- [Exercise aim]: Your answer should consist only of the records, copied exactly, with the images removed.

[[ Supplied material, beginning ]]

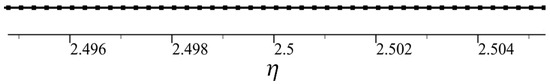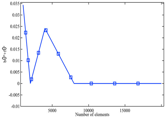 To ensure accuracy in computational schemes, a mesh independence study is essential, see mesh structure in Figure 3. An excellent mesh independence study was conducted and explained in [49]. Motivated by this study, a mesh independence study will be performed for the present numerical computational scheme to achieve optimized accuracy. In Figure 4, an attempt was made to demonstrate the mesh independence procedure by computing Equation (8). Approximately 1000 to 20,000 elements were used to obtain solutions and satisfy this equation. It is noted in Figure 4 that as we escalated the number of elements, the solution improved. After using around 8000 elements, one can see that the error did not propagate significantly. Additionally, the estimations on the vertical axis in Figure 4 could be easily ignored. However, a highly accurate result with minimal error for practical use is desired when it comes to the degree of belief in the solution to a problem. A numerical solution for the nanofluid phenomenon was obtained using 20,000 elements. Displaying these elements in a single line could have been challenging, so a zoomed-in figure was created to show the structure of the 20,000 elements along the line vs. .
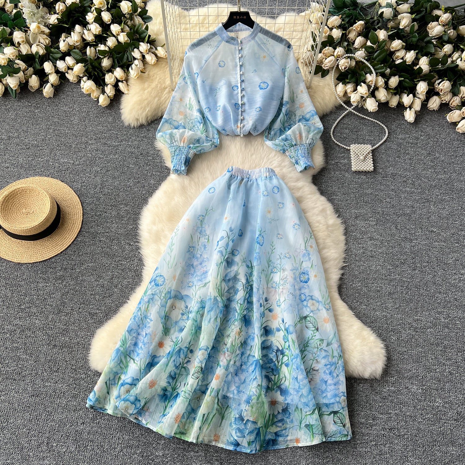 European and American style two-piece lantern sleeve button-down top high waist printed mesh skirt R2314
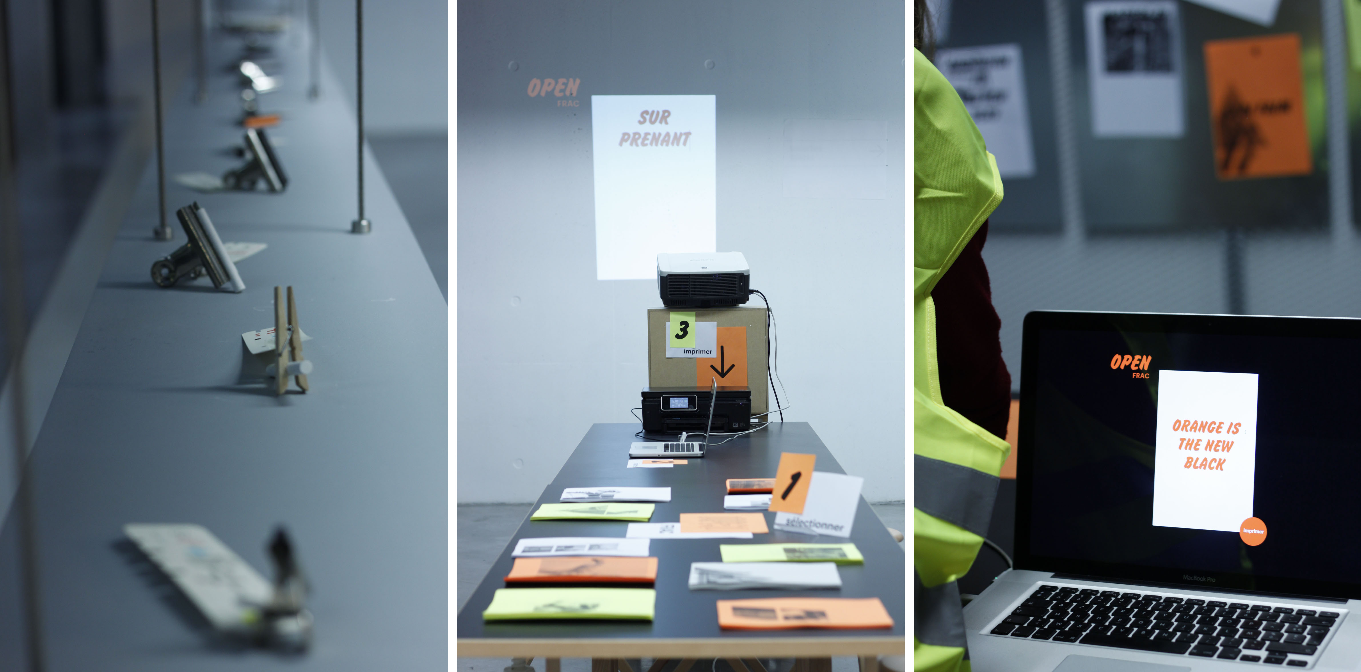 Exposition d'outils (à la manière de Marie Reinert) et de leurs étiquettes codées; Installation de l'Open Frac Generator, où les gens sont invités à venir créer leur affiche, choix du support, couleur, visuel, puis grâce à l'application mise en place par Justine, les personnes viennent inscrire un commentaire, un sentiment, un ressenti de la soirée du vernissage, ou de l'exposition de Marie Reinert. Ainsi ils viennent de créer leur affiche, celle-ci est imprimée, puis ils sont libres de la garder où de l'épingler sur les panneaux installés un peu partout dans le frac. Ainsi le lieu s'anime de nombreux ressentis.
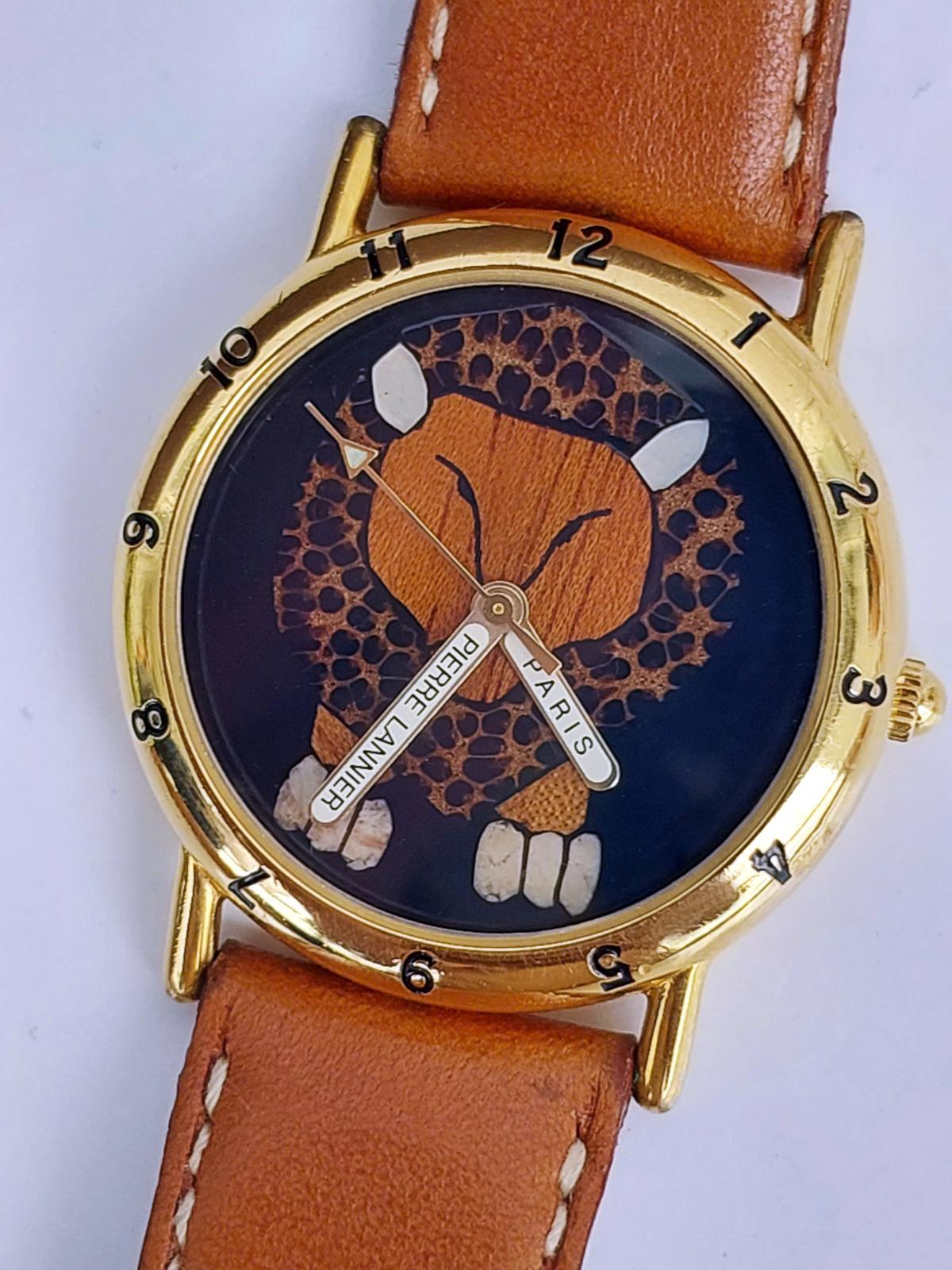 Chiếc đồng hồ Pierre Lannier này thực sự là một tác phẩm thủ công tuyệt vời, với mặt số được làm hoàn toàn bằng gỗ tự nhiên và khảm trai. Mỗi chi tiết trên mặt số đều được chế tác tỉ mỉ, tạo nên hình ảnh chú sư tử không chỉ dễ thương mà còn vô cùng tinh tế, với đôi mắt to tròn và chiếc mũi nhỏ nhắn, tạo nên vẻ đẹp nhẹ nhàng, đáng yêu. Các vân gỗ tự nhiên mang đến vẻ đẹp độc đáo, không giống bất kỳ chiếc đồng hồ nào khác, kết hợp với những miếng khảm trai óng ánh, tạo nên sự tương phản hoàn hảo. Toàn bộ mặt số được làm thủ công, điều này khiến mỗi chiếc đồng hồ trở thành một tác phẩm nghệ thuật độc đáo và được sx giới hạn 999 chiếc. Chính hãng Pierre Lannier sx tại Pháp, sd máy pin Thụy Sỹ, dây khóa zin, size 33mm cho Nữ, độ mới tầm 96%
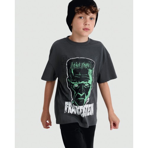 Frankenstein Print Pure Cotton Short Sleeved T-Shirt in Grey
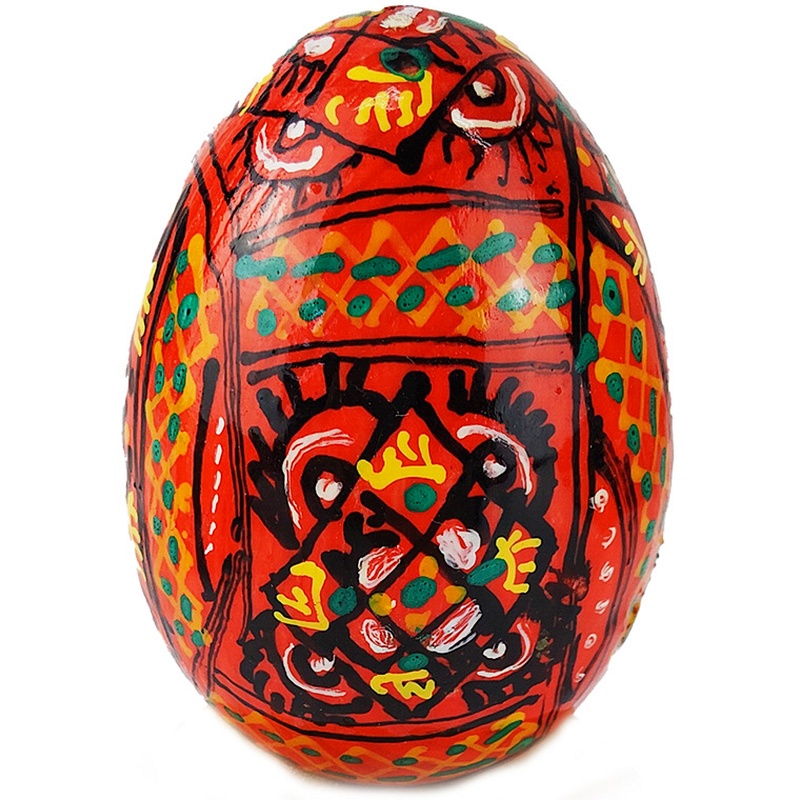 Ce magnifique œuf de Pâques d'un rouge profond attire l'attention par sa vivacité et ses motifs traditionnels, reflets du riche héritage culturel du folklore d'Europe de l'Est. L'association du jaune, du noir, du vert et du blanc crée des ornements contrastés et harmonieusement disposés, empreints de symbolisme. Chaque coup de pinceau est le fruit d'un travail manuel précis, ce qui fait de cet œuf non seulement un symbole de Pâques, mais aussi un authentique objet d'art, idéal pour toute collection ou tout intérieur.

[[ Supplied material, end ]]

- [Result for this exercise]:
 To ensure accuracy in computational schemes, a mesh independence study is essential, see mesh structure in Figure 3. An excellent mesh independence study was conducted and explained in [49]. Motivated by this study, a mesh independence study will be performed for the present numerical computational scheme to achieve optimized accuracy. In Figure 4, an attempt was made to demonstrate the mesh independence procedure by computing Equation (8). Approximately 1000 to 20,000 elements were used to obtain solutions and satisfy this equation. It is noted in Figure 4 that as we escalated the number of elements, the solution improved. After using around 8000 elements, one can see that the error did not propagate significantly. Additionally, the estimations on the vertical axis in Figure 4 could be easily ignored. However, a highly accurate result with minimal error for practical use is desired when it comes to the degree of belief in the solution to a problem. A numerical solution for the nanofluid phenomenon was obtained using 20,000 elements. Displaying these elements in a single line could have been challenging, so a zoomed-in figure was created to show the structure of the 20,000 elements along the line vs. .
 European and American style two-piece lantern sleeve button-down top high waist printed mesh skirt R2314
 Exposition d'outils (à la manière de Marie Reinert) et de leurs étiquettes codées; Installation de l'Open Frac Generator, où les gens sont invités à venir créer leur affiche, choix du support, couleur, visuel, puis grâce à l'application mise en place par Justine, les personnes viennent inscrire un commentaire, un sentiment, un ressenti de la soirée du vernissage, ou de l'exposition de Marie Reinert. Ainsi ils viennent de créer leur affiche, celle-ci est imprimée, puis ils sont libres de la garder où de l'épingler sur les panneaux installés un peu partout dans le frac. Ainsi le lieu s'anime de nombreux ressentis.
 Chiếc đồng hồ Pierre Lannier này thực sự là một tác phẩm thủ công tuyệt vời, với mặt số được làm hoàn toàn bằng gỗ tự nhiên và khảm trai. Mỗi chi tiết trên mặt số đều được chế tác tỉ mỉ, tạo nên hình ảnh chú sư tử không chỉ dễ thương mà còn vô cùng tinh tế, với đôi mắt to tròn và chiếc mũi nhỏ nhắn, tạo nên vẻ đẹp nhẹ nhàng, đáng yêu. Các vân gỗ tự nhiên mang đến vẻ đẹp độc đáo, không giống bất kỳ chiếc đồng hồ nào khác, kết hợp với những miếng khảm trai óng ánh, tạo nên sự tương phản hoàn hảo. Toàn bộ mặt số được làm thủ công, điều này khiến mỗi chiếc đồng hồ trở thành một tác phẩm nghệ thuật độc đáo và được sx giới hạn 999 chiếc. Chính hãng Pierre Lannier sx tại Pháp, sd máy pin Thụy Sỹ, dây khóa zin, size 33mm cho Nữ, độ mới tầm 96%
 Frankenstein Print Pure Cotton Short Sleeved T-Shirt in Grey
 Ce magnifique œuf de Pâques d'un rouge profond attire l'attention par sa vivacité et ses motifs traditionnels, reflets du riche héritage culturel du folklore d'Europe de l'Est. L'association du jaune, du noir, du vert et du blanc crée des ornements contrastés et harmonieusement disposés, empreints de symbolisme. Chaque coup de pinceau est le fruit d'un travail manuel précis, ce qui fait de cet œuf non seulement un symbole de Pâques, mais aussi un authentique objet d'art, idéal pour toute collection ou tout intérieur.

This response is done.